## DATA UNDER STUDY
------------------------

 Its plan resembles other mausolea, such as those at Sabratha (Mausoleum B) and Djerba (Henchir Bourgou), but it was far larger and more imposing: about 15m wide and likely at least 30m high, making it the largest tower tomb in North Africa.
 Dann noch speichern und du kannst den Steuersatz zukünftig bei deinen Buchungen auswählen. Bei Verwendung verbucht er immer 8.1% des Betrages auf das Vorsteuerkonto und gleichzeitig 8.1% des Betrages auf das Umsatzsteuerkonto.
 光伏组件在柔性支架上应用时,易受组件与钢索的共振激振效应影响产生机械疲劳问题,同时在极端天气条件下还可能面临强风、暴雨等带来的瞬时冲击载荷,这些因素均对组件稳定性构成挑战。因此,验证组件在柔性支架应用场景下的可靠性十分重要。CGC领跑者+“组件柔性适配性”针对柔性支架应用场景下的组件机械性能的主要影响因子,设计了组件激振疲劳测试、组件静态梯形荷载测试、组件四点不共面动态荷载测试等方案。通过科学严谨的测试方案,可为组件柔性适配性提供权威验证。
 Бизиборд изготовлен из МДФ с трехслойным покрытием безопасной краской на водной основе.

------------------------

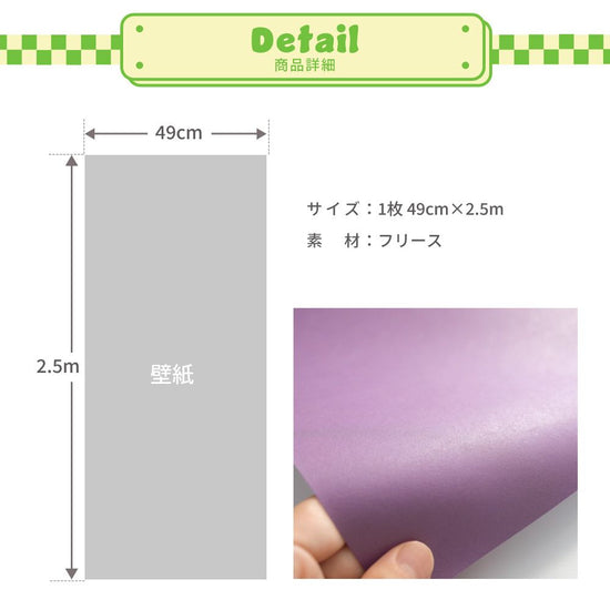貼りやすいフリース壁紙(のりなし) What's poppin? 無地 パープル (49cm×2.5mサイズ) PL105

------------------------

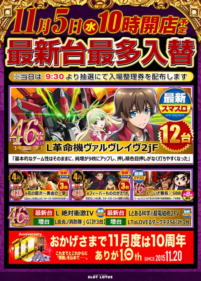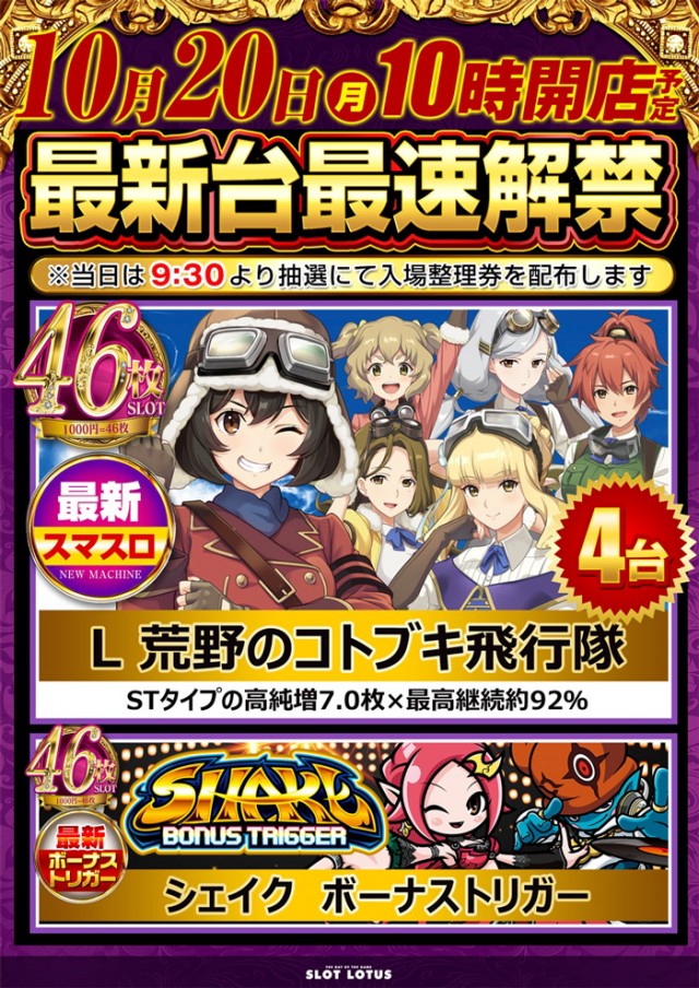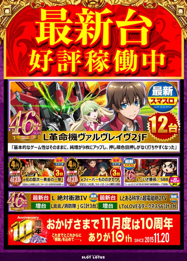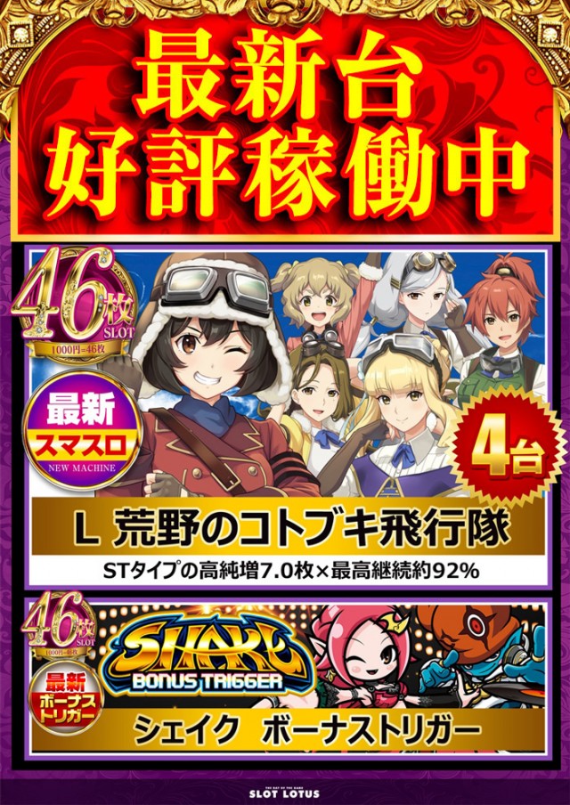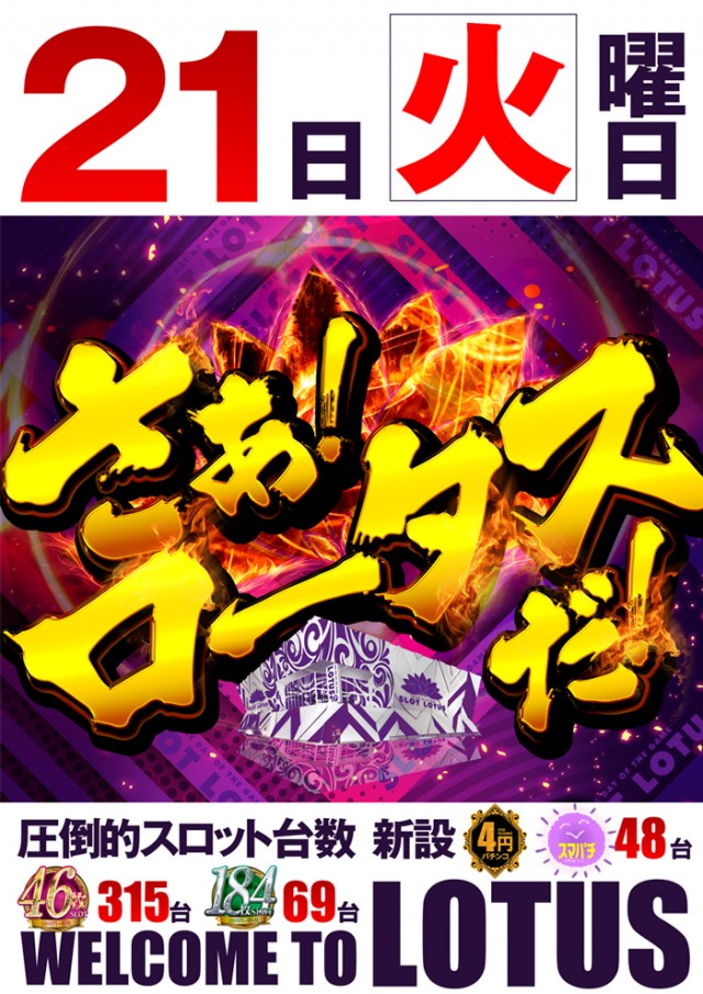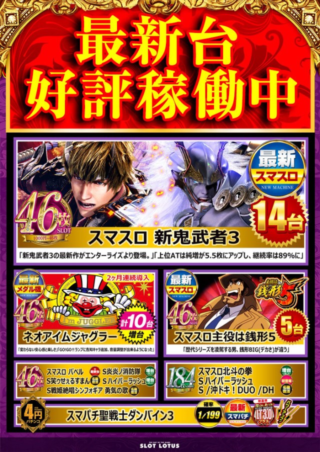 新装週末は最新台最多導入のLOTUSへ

------------------------

## ASSIGNED TASK
In your answer, include only the lines above starting at the line that holds "Its plan resembles" and ending at the line that holds "Бизиборд изготовлен из", copied exactly.

## EXERCISE OUTPUT
 Its plan resembles other mausolea, such as those at Sabratha (Mausoleum B) and Djerba (Henchir Bourgou), but it was far larger and more imposing: about 15m wide and likely at least 30m high, making it the largest tower tomb in North Africa.
 Dann noch speichern und du kannst den Steuersatz zukünftig bei deinen Buchungen auswählen. Bei Verwendung verbucht er immer 8.1% des Betrages auf das Vorsteuerkonto und gleichzeitig 8.1% des Betrages auf das Umsatzsteuerkonto.
 光伏组件在柔性支架上应用时,易受组件与钢索的共振激振效应影响产生机械疲劳问题,同时在极端天气条件下还可能面临强风、暴雨等带来的瞬时冲击载荷,这些因素均对组件稳定性构成挑战。因此,验证组件在柔性支架应用场景下的可靠性十分重要。CGC领跑者+“组件柔性适配性”针对柔性支架应用场景下的组件机械性能的主要影响因子,设计了组件激振疲劳测试、组件静态梯形荷载测试、组件四点不共面动态荷载测试等方案。通过科学严谨的测试方案,可为组件柔性适配性提供权威验证。
 Бизиборд изготовлен из МДФ с трехслойным покрытием безопасной краской на водной основе.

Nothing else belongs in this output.